A cura (2017)

Por André Dick

Os gêneros de suspense e terror têm cada vez se limitado mais a produções que visam estabelecer apenas franquias, com doses de sustos e exageros usuais em quase todas os experimentos, a fim de contentar a plateia de forma mais objetiva. Por isso, é uma raridade quando surgem obras como Corra!, de Jordan Peele, que insere humor e críticas sociais em sua narrativa, e A cura. Esta mescla entre suspense e terror é idealizada por Gore Verbinski, cineasta que se tornou conhecido inicialmente por O chamado, sucesso de 2002, com Naomi Watts no papel de uma mulher que investigava a influência de uma menina na gravação de uma fita de vídeo com um recado nada animador para seus espectadores. Em seguida, ele iniciou a série Piratas do Caribe, na qual lançou Johnny Deep como um astro de blockbuster e com ele fez alguns episódios, antes de vencer um Oscar de melhor animação, com o interessantíssimo Rango, e se arriscar com a superprodução de faroeste O cavaleiro solitário, talvez seu filme mais fraco.

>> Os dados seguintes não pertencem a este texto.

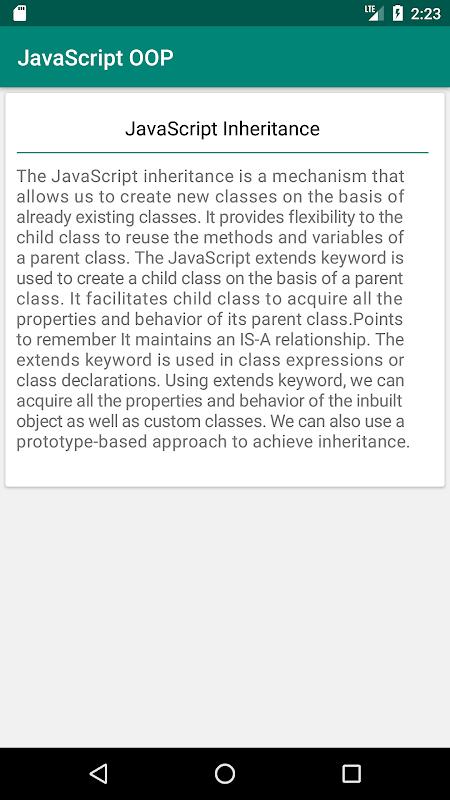 This app contained the basic knowledge of javascripts OOP .By using this app you can learn about javascripts OOP ..It helps you any interview session.this is very basic app later we update our new features for this app.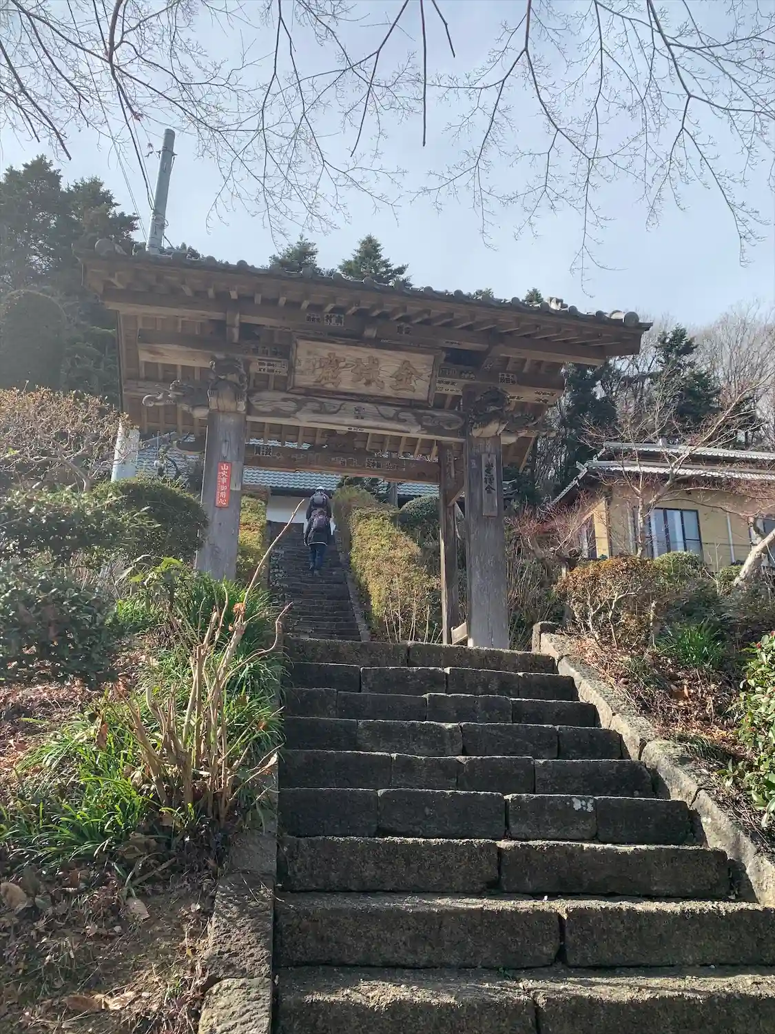 ちょっと段の高い石段の中ほどに山門があります。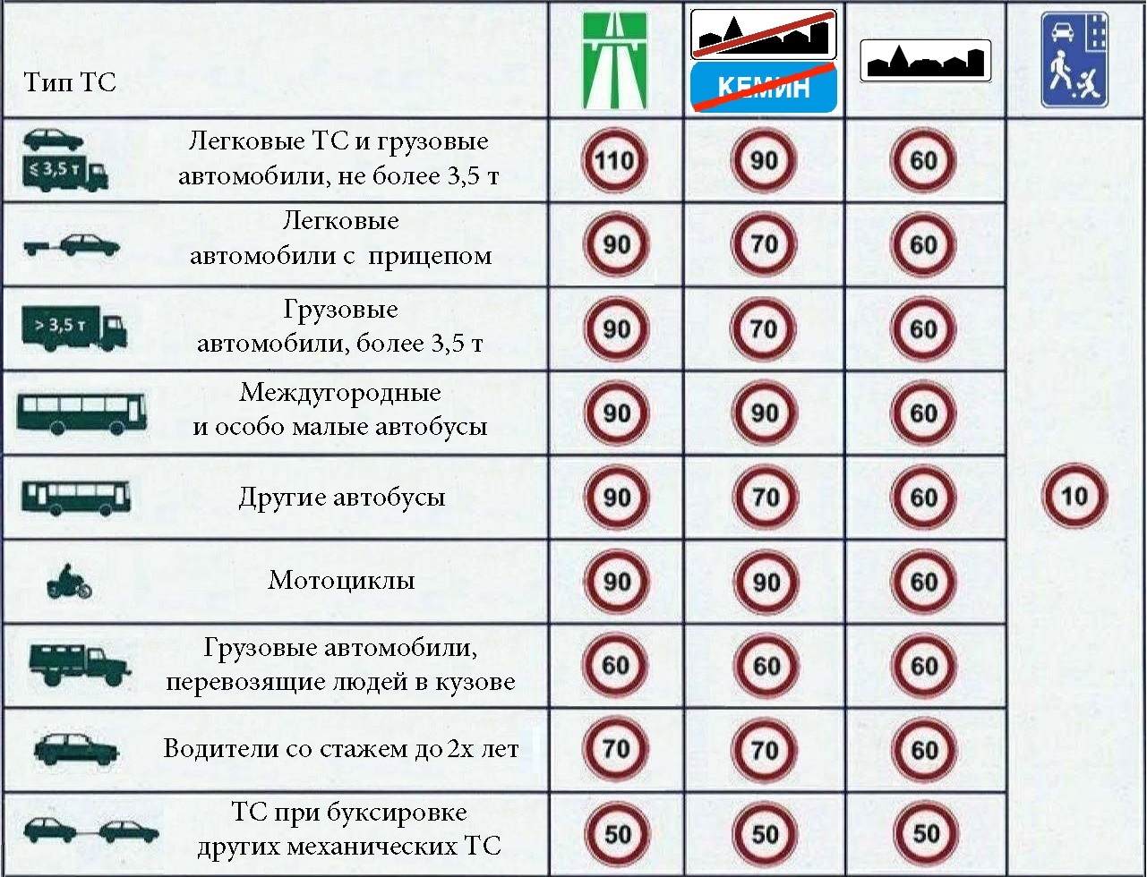 - легковым автомобилям и грузовым автомобилям с разрешенной максимальной массой не более 3,5 т на автомагистралях — со скоростью не более 110 км/ч, на остальных дорогах — не более 90 км/ч, за исключением случая, предусмотренного абзацем девятым настоящего пункта;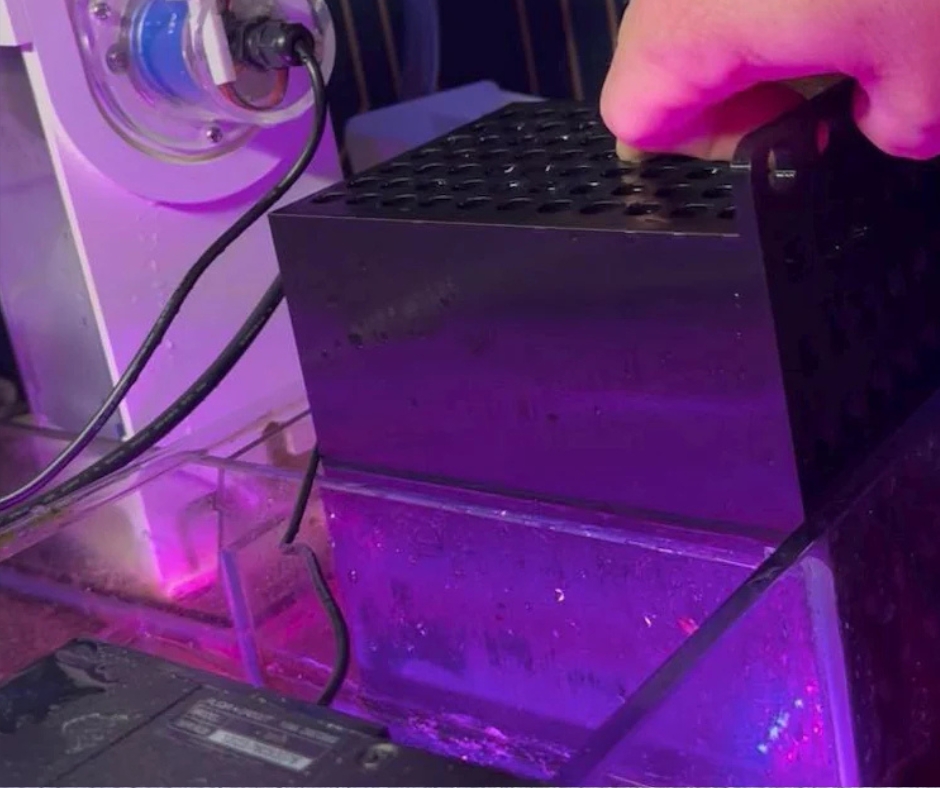 This custom media basket is designed to replace the filter socks in sumps that use a 4″ sock holder.

Não era de se esperar, principalmente depois de O cavaleiro solitário, que Verbinski conseguisse se relançar no gênero que o fez conhecido, mostrando a história de um jovem, Lockhart (Dane DeHaan, ótimo), que é enviado aos Alpes para trazer de volta o dono milionário da empresa onde trabalha, Roland Pembroke (Harry Groenr), em vista de um grande negócio. O milionário se encontra num centro de bem-estar, localizado no alto de uma montanha, quase inacessível, onde várias pessoas da terceira idade procuram uma determinada “cura”, e as imagens de Verbinski capturam o tamanho magistral da mansão como faz Kubrick com seu Hotel Overlook em O iluminado. Cada quadro do filme parece uma pintura, com cuidado e sofisticação no uso de cores, um trabalho primoroso de Bojan Bazelli. Assustador é o momento em que, chegando no vilarejo aos pés do castelo, o carro é atacado por jovens. Há lendas na região, segundo o motorista, sobre o lugar. Chegando a ele, logo Lockhart percebe que há algo estranho, quando dificultam o seu acesso a Premboke, inclusive um dos médicos. Acaba voltando ao carro que o espera e pede para que siga até o hotel no vilarejo, quando ocorre uma capotagem. Quando acorda, o jovem está sendo cuidado num quarto, com a perna quebrada. Então, tudo começa a soar mais estranho ainda.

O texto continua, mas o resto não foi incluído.